▶ **Assigned task**:
Exactly the lines below starting at the line with "- 👍【1500LBS Load" and ending at the line with "Cínovaný patinovaný náhrdelník" are wanted, with both ends included. Leave out the pictures and add no other lines.

----- Recorded data -----

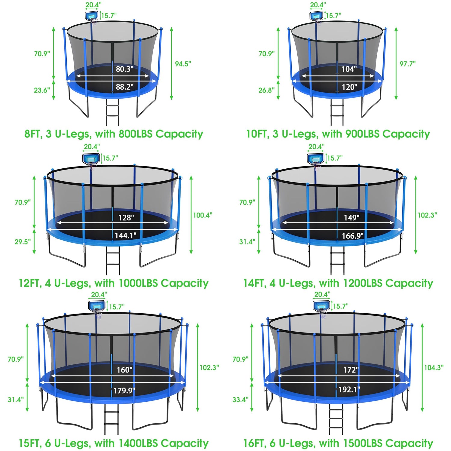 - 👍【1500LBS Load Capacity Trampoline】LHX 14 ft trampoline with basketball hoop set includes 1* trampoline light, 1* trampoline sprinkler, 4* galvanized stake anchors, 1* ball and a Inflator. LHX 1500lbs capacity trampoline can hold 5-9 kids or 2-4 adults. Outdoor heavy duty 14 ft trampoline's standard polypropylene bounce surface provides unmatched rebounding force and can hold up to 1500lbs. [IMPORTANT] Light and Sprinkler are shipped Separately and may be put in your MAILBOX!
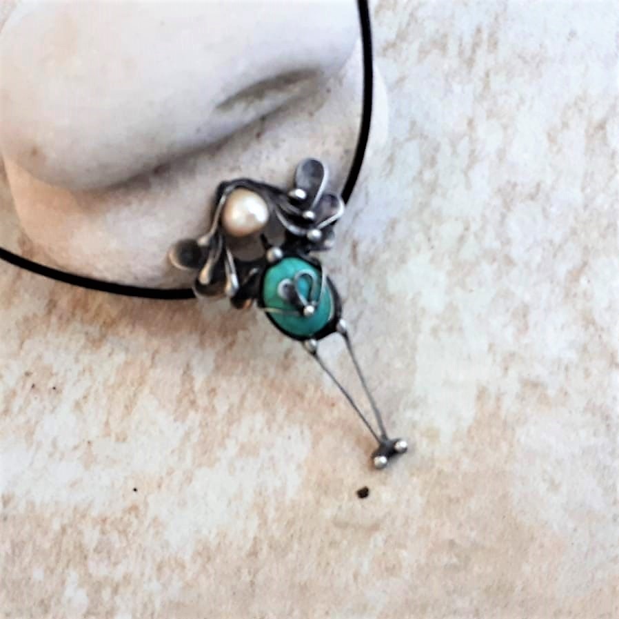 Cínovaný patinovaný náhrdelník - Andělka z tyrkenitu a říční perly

-----
----- Recorded data -----

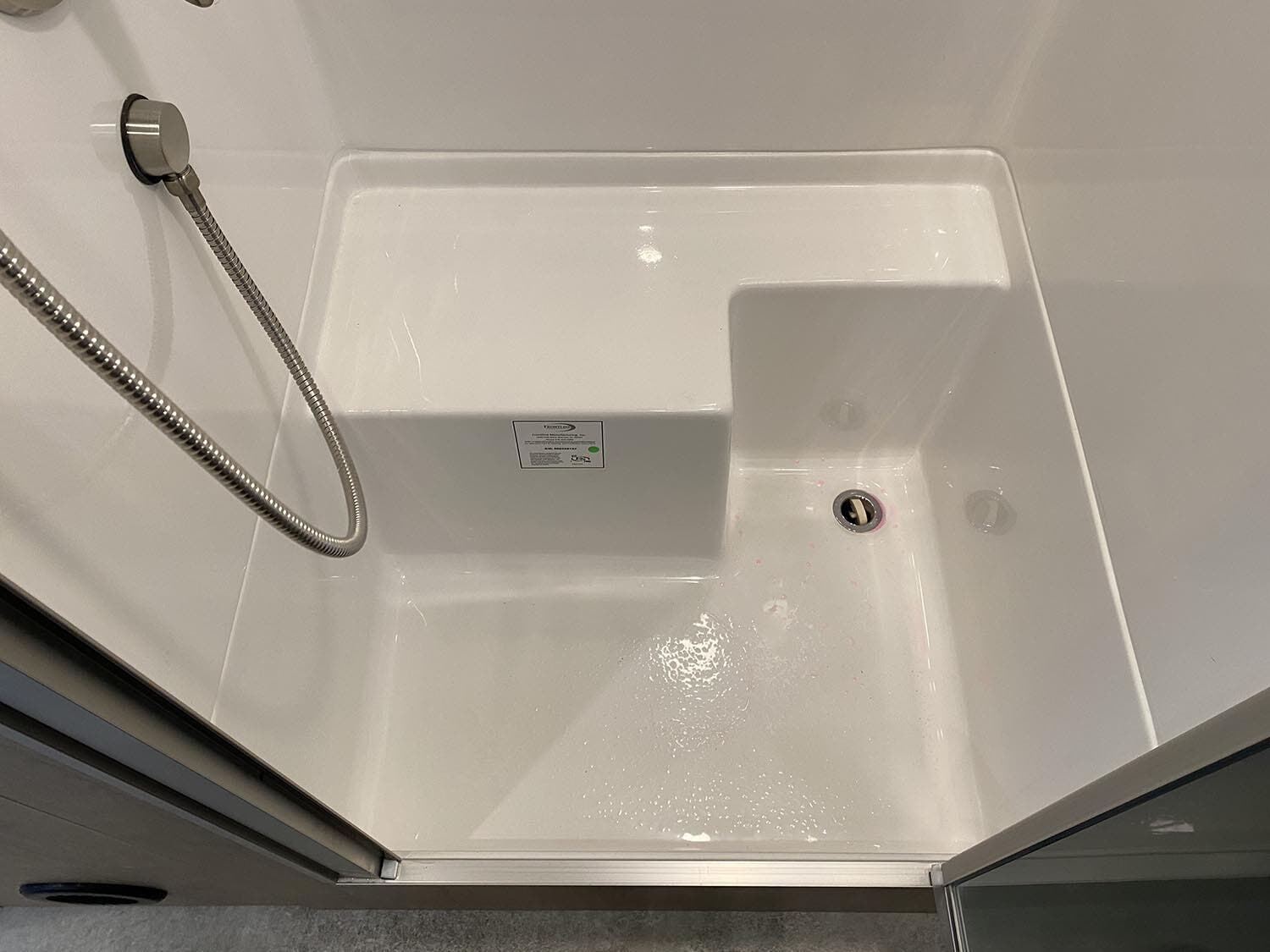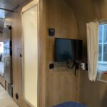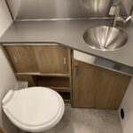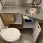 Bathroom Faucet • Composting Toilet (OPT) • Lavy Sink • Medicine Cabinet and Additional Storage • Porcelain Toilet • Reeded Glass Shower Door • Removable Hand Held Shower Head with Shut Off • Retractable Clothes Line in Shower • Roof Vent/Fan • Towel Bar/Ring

-----

▶ **Solution to the problem**:
 - 👍【1500LBS Load Capacity Trampoline】LHX 14 ft trampoline with basketball hoop set includes 1* trampoline light, 1* trampoline sprinkler, 4* galvanized stake anchors, 1* ball and a Inflator. LHX 1500lbs capacity trampoline can hold 5-9 kids or 2-4 adults. Outdoor heavy duty 14 ft trampoline's standard polypropylene bounce surface provides unmatched rebounding force and can hold up to 1500lbs. [IMPORTANT] Light and Sprinkler are shipped Separately and may be put in your MAILBOX!
 Cínovaný patinovaný náhrdelník - Andělka z tyrkenitu a říční perly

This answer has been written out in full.